The other samples contains 16S information, I ran the classify.seqs and the remove.lineage commands, so If there is nothing that can be compared to RDP files, it should be removed, right (unknown…)?

I ran the command using the default instructions from MiSeq - SOP guide, also using an updated RDP taxonomic file trainset14.

I didn’t perform all the commands in the guide, but I was able to refine and remove duplicated entries from the files. And I performed those analysis using a total of 12 samples at once, then divided it into 3 files containing 4 samples each, and also get one file to ran Mothur. The results are always the same.

I clearly understand that running only classify.seqs wouldn’t give me a high ratio of specificity, but I don’t understand why I can classify nothing beside the domain.

At last, I also changed the default value even to 20%, but nothing happens. Can you guys help me?

Thanks for your attention,
Rafael.

To start with, when you say metagenomes from MG-RAST I’m assuming you mean the proper shotgun-sequenced metagenomes? If so, I wouldn’t be surprised that the majority of sequences don’t classify, since most of the DNA in samples won’t be ribosomal.

My first question would be - when running your own data through the MiSeq SOP did you perform alignment filtering on the taxonomic database? If so, this will drastically reduce your ability to find 16S fragments in the metagenomes, since you only have a small region of the ribosome to identify.
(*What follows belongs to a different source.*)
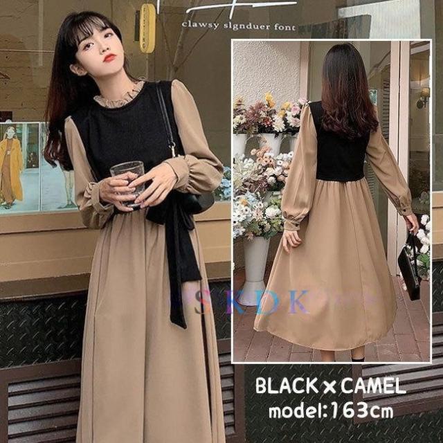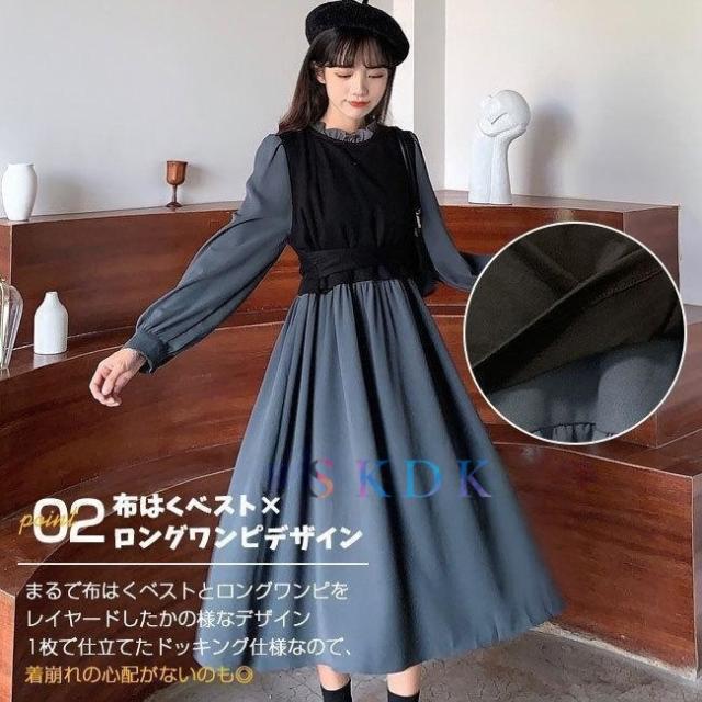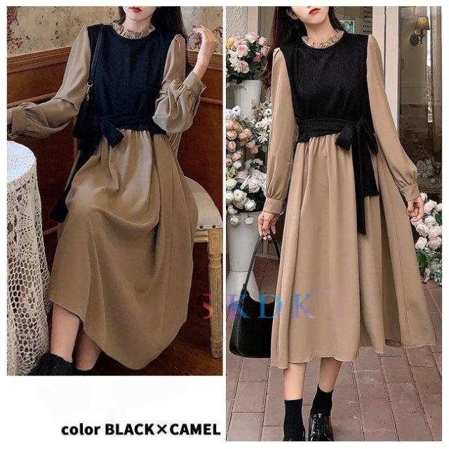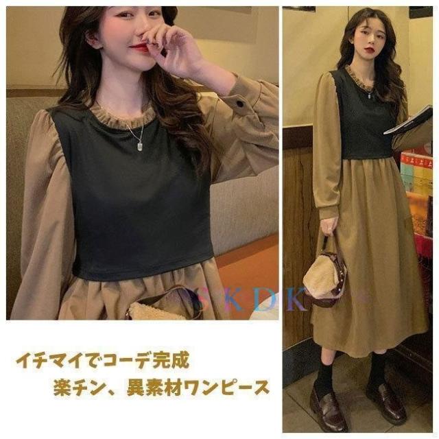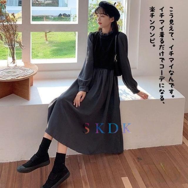 【★2点目1000円OFF!】ラウンドネックワンピース レディース ラウンドネック ロング丈 長袖 新作 キュート 大人 カジュアル 無地 大人 カジュアル 無地 着痩せ シンプル おしゃれ ギフト 秋服 秋冬

What does the summary file from taxonomic assignment look like? Do you see any sequences classified to at least phylum level? You would expect hte majority of your sequences to be unclassified, so don’t worry if that percentage is huge, but are you at least seeing some sequences successfully classified? When doing this kind of assignment, removing sequences with an ‘unknown’ assignment probably isn’t stringent enough, you will probably also need to remove sequences which are classified as ‘Bacteria;unclassified’.

Thanks for your answer!

About the metagenome samples, no. I downloaded the sequences from a specific step of the analysis “RNA Clustering 97%”:

“The FASTA formatted file METAGENOMESAMPLE contains sequence clusters that have at least 70% identity to ribosomal sequences and have sequences within 97% identity”.
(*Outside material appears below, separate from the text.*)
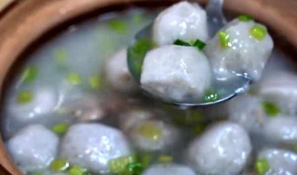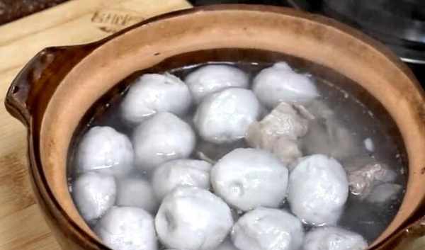 第四步:這個時候的骨頭湯已經熬好了,將它轉小火,將蓋子取下來,用手取一小塊芋頭泥用虎口將它做成丸子,一邊做一邊下入鍋中,一直煮至芋頭丸子定型之後加入一勺鹽,一點點胡椒粉,少許的食用油,最後再加點蔥花或者香菜點綴一下,營養美味的芋頭丸子就做好了。

So, when I get the samples, they’ll contain sequence clusters related do ribosomal sequences, and that’s what I need.

About the alignment filtering, no. My samples have the V4 region primer, that’s why the guide was very useful to analyse them, but the metagenome samples aren’t. Then, I didn’t performed any alignment filtering, 'cause the software would remove all the sequences inside the fasta file (like it did before).

And the summary file only presents, for taxonomic assignment, the domain level. I can perform the remove.lineage considering “Bacteria;unclassified” as an option, but the only remaining and classified sequences would be from my samples.
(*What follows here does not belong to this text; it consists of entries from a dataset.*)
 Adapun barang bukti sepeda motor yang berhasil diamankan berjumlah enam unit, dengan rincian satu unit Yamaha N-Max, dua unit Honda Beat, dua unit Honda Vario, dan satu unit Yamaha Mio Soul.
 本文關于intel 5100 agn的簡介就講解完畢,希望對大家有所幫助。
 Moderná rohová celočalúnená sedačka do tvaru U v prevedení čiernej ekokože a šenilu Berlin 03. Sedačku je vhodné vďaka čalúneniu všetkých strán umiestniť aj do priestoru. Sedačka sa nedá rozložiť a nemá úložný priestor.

So, what am I doing wrong? For classify.seqs I only use the RDP files, but I don’t perform an alignment with SILVA files, 'cause it will focus on the V4 region (as the guide teach us) and I don’t have this information from the other metagenome samples (I also performed the alignment filtering and everything went wrong, due to the incompatibility to the region).

Thanks again,
Rafael.

That’s off that it only assigns to domain level. Have you tried submitting a few sequences to the NCBI BLAST tool to see what sort of gene that are? I don’t know how MG-RAST does it’s ribosome calling but I assume it annotates anything from the three ribosomal sub units as such, whereas mothur is only interested in the 16S part.

I would have expected you to have some of these, but if nothing is classifying to phylum level then that’s odd. Try BLASTing online to make sure they are actually 16S.